Abstract
Background: Developers spend more time fixing bugs refactoring the code to increase the maintainability than developing new features. Researchers investigated the code quality impact on fault-proneness, focusing on code smells and code metrics. Objective: We aim at advancing fault-inducing commit prediction using different variables, such as SonarQube rules, product, process metrics, and adopting different techniques. Method: We designed and conducted an empirical study among 29 Java projects analyzed with SonarQube and SZZ algorithm to identify fault-inducing and fault-fixing commits, computing different product and process metrics. Moreover, we investigated fault-proneness using different Machine and Deep Learning models. Results: We analyzed 58,125 commits containing 33,865 faults and infected by more than 174 SonarQube rules violated 1.8M times, on which 48 software product and process metrics were calculated.
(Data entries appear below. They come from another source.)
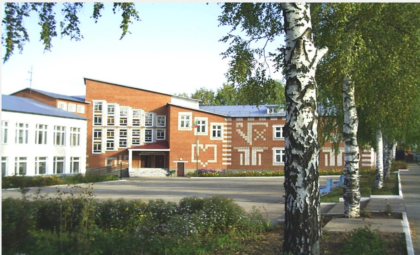
Пристрой школы, сданный в 2002 г.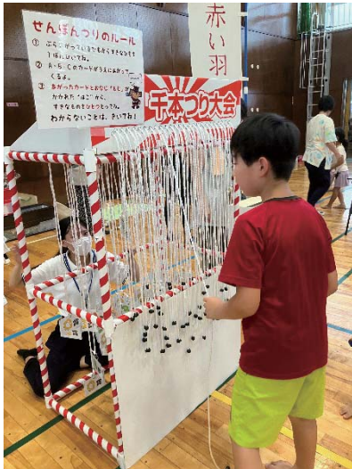
「南小校区夏祭り」での様子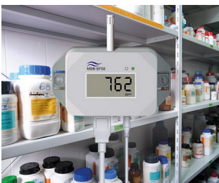
Gasdetektor für Gefahrstoffe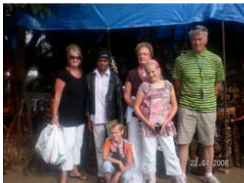
Bij Mildo Kunst kopen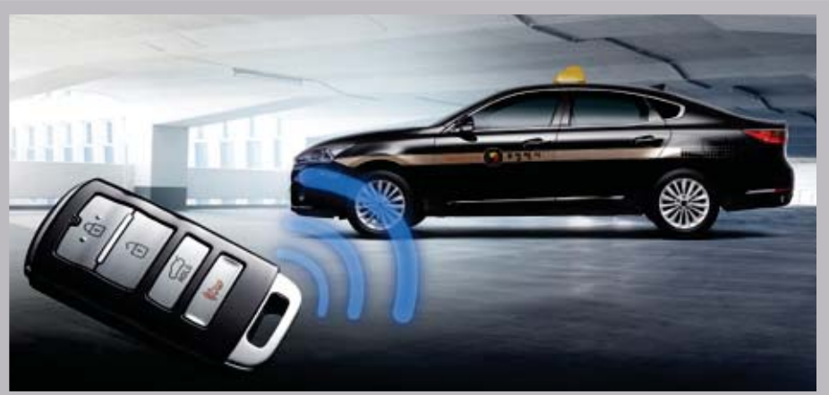
LPI 시동 대기 시간 단축 시스템 (LSTR)* 폴딩 키 또는 스마트 키 연락( ) 버튼 2회 작동 시 연료펌프를 미리 구동시켜, LPI 시동 대기 시간 단축으로 가솔린 엔진 수준의 시동성을 확보합니다. ※ 배터리 방전 방지를 위해 연락 버튼 1회 작동 시에는 (단순 도어 오픈으로 가정) LSTR 미작동

운전의 집중력을 흐트리지 않는 고급형 클러스터, 겨울 이른 시간에도 따뜻함을 전할 히티드 스티어링 휠, 8인치 내비게이션, 독립제어 풀오토 에어컨까지... 운전자의 편안함을 위한 세심한 배려가 깃들어 있습니다.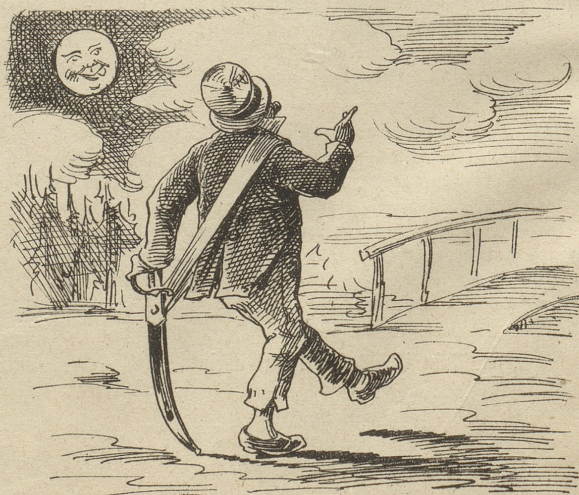
6) Und zwar beim Heimgang wenig nicht Macht unser Mond ein schief Gesicht.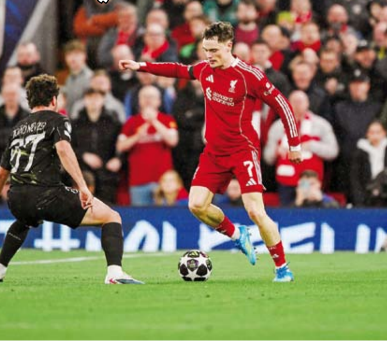
أداء سيلي لريدز أمام باريس

الذهاب الأسبوع الماضي على ملعب حديقة الأمراء، ويواجه سان جيرمان الفائز من ريال مدريد الإسباني وبايرن ميونيخ الألماني حيث فاز الأخير في مباراة الذهاب 2 / 1 بإسبانيا، قبل أن تتجدد المواجهة إياباً بينهما في ميونيخ.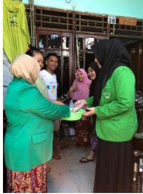
Gambar 1. Menjelaskan tentang Zakat fitrah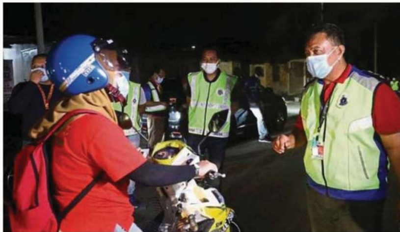
A woman motorcyclist being questioned on her reason for being on the road during the joint night operation headed by MBSA.

TWENTY-NINE people were brought to the Sungai Buloh police station for further investigation following a joint night operation led by the Shah Alam City Council (MBSA).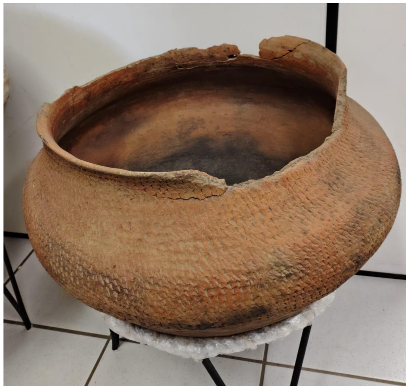
Figura 3. Urna funerária da cerâmica Guarani.

Na perspectiva da cultura material, a cerâmica tinha muitas funcionalidades, tanto nos usos domésticos, para a preparação e cozimento de alimentos e para comer e beber, quanto em rituais e cerimônias, através dos preparos das ervas e das urnas funerárias (Figura 3).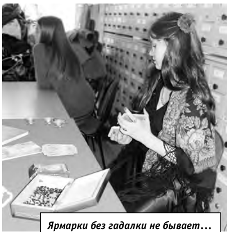
Ярмарки без гадалки не бывает...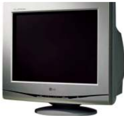
Figura 5.5: Monitor CRT

There are two basic types of monitors: CRT (cathode ray tube) monitors and LCD (liquid crystal display) monitors. Both types produce sharp images, but LCD monitors have the advantage of being much thinner and lighter. CRT monitors, however, are generally more affordable.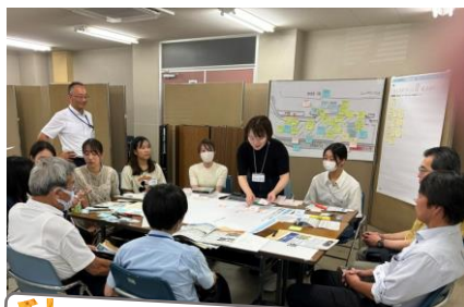
秋 市駅前にまったりできるスペースを！

冬 チーム クリスマスマーケット × 市駅前 Eats × Live! Live! Live! しえきまえ♪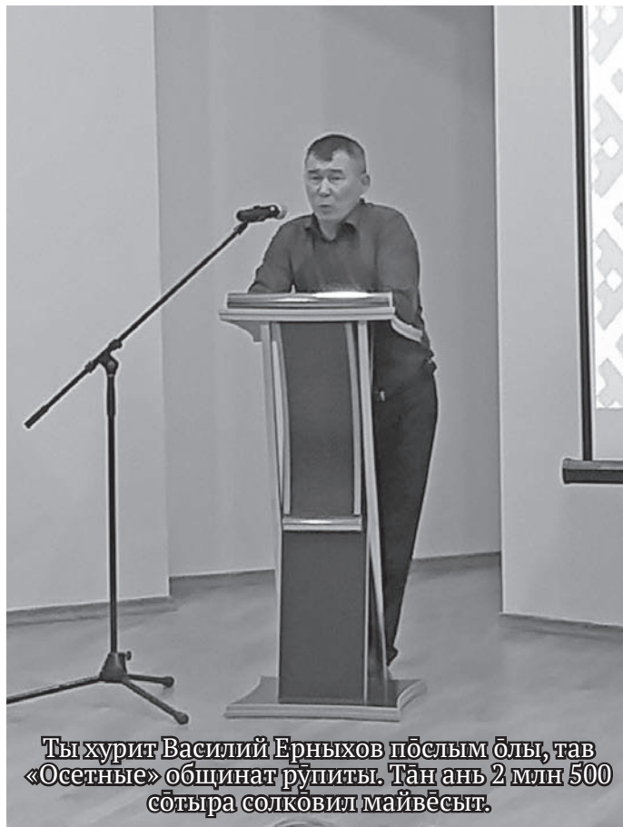
Ты хурит Василий Ерныхов пoслым oлы, тaв «Осетные» oбщинат рљпиты. Тaн aнѣ 2 млн 500 солкoвa рљпитaн мaйвѣсыт.

Сaлы ѣвтнэ ос тaнaныл янмaлтан мaгыс Белоярский районныл ѣхтaлaм «Осетные» oбщина 2 млн 500 солкoвил нѣтавет. Вoраян тѣлат ѣлаль тотнэ мaгыс «Охлым» oбщина нoх-пaтыс. Ты oбщина Ханты-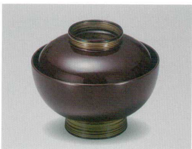
溜 金冠 仙才吸物椀 木合 硬 耐熱

5026-07 ¥2,500 φ11.8×10.1(7.0) 270ml 13-0794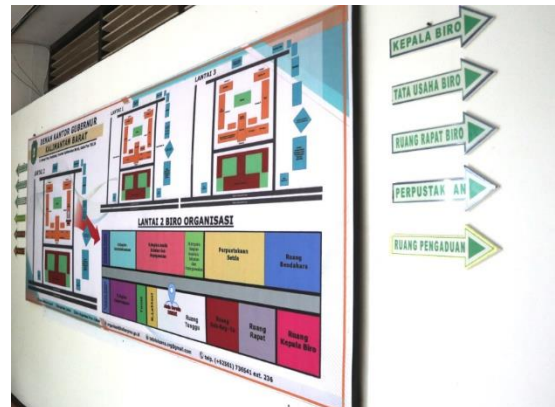
6. Denah Gedung dan Petunjuk Arah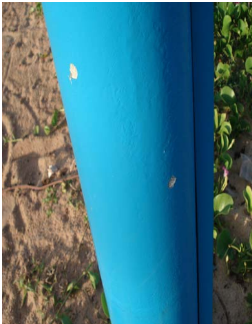
Fig. 02 – Detalhe do poste de sustentação da placa de sinalização das condições de balneabilidade na praia de Tabatinga (NF 02), no município de Nísia Floresta-RN, mostrando pequenos danos na pintura.

Placa em excelente estado de conservação, apresentando apenas pequenos danos na pintura, na parte inferior do seu poste de sustentação ( Fig. 02 ).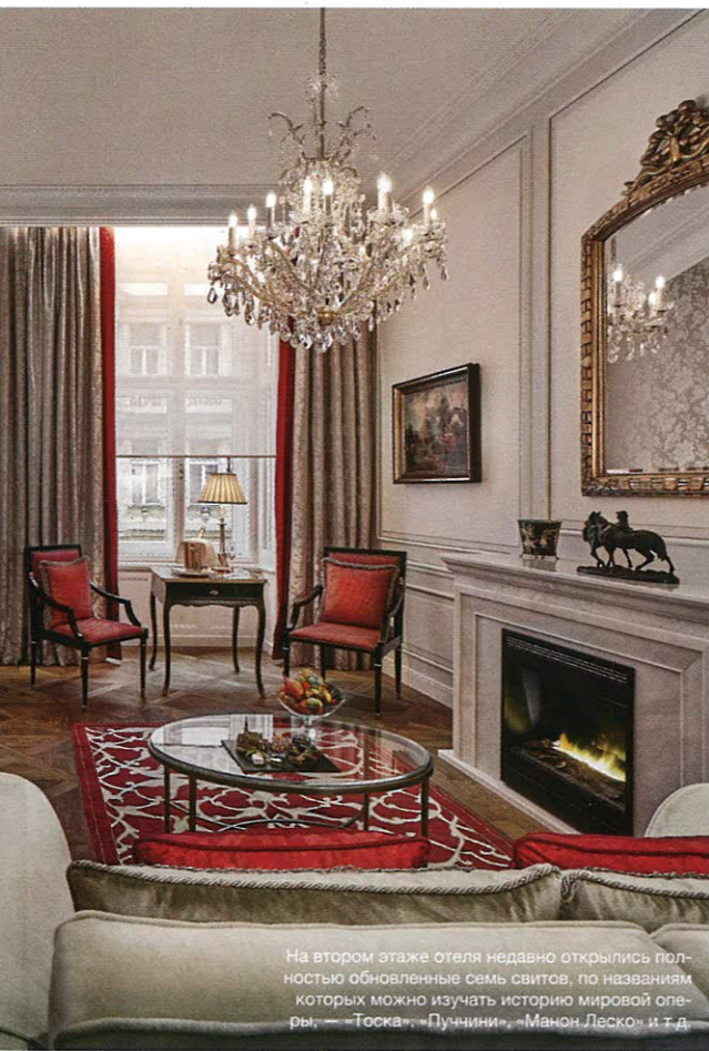
На втором этаже отеля недавно открылись полностью обновленные семь свитов, по названиям которых можно изучать историю мировой оперы. — «Тоска», «Пуччини», «Манон Леско» и т. д.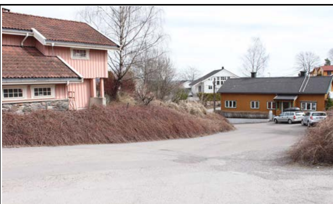
Fotografier - C :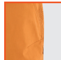
POCHE INVISIBLE CÔTÉ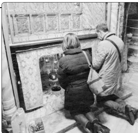
Místo Ježíšova narození, bazilika Narození Páně v Betlémě

Od samého počátku Kristem založené společenství Církve je nejvíce pronásledovanou náboženskou skupinou na světě. Nedá se rozumně vysvětlit, proč jsou lidé nenávidící Krista a ty, kteří v něho věří. Nepochopitelné je, proč odmítají křesťanský systém hodnot opírající se o lásku, odpuštění, svobodu svědomí a úctu k důstojnosti každé lidské osoby. Každodenně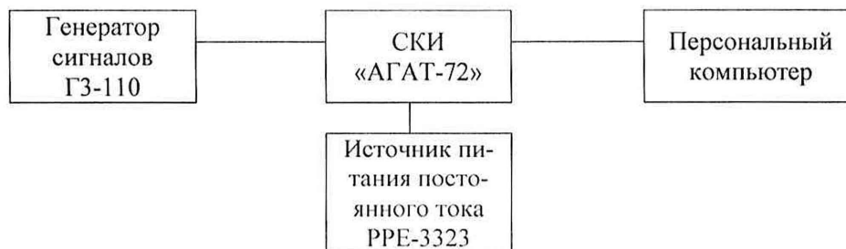
Рисунок 6.3.3 Схема подключения к АГАТ на диапазоне измерений от 200 Гц до 8000 Гц

Собрать схему подключения к первому каналу системы АГАТ в соответствии с рисунком 6.3.3.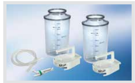
AS Chirurgieabsaugung: 2 x 3 l / Mehrweg (Art.-Nr. 5752 2068)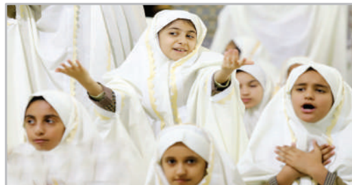
جشن تکلیف دختران دانش‌آموز در حرم علی بن مه‌زیار اهوازی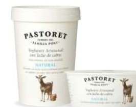
Natural amb Llet de Cabra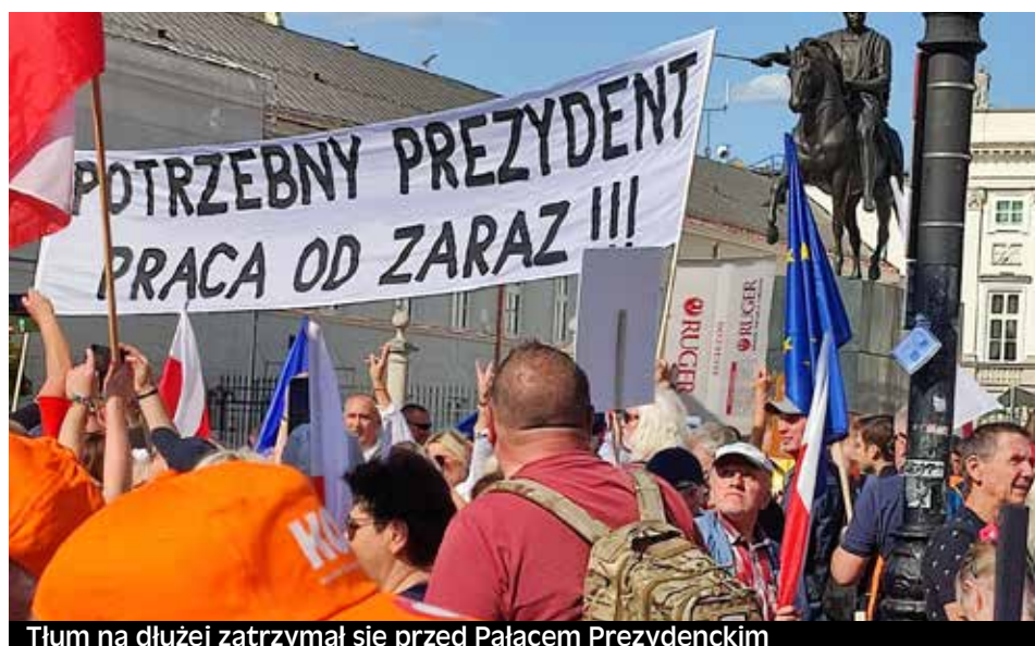
Tłum na dłużej zatrzymał się przed Pałacem Prezydenckim

Results clearly identified a set of features that provided a highly accurate fault prediction (more than 95% AUC). Regarding the performance of the classifiers, Deep Learning provided a higher accuracy compared with Machine Learning models. Conclusion: Future works might investigate whether other static analysis tools, such as FindBugs or Checkstyle, can provide similar or different results. Moreover, researchers might consider the adoption of time series analysis and anomaly detection techniques.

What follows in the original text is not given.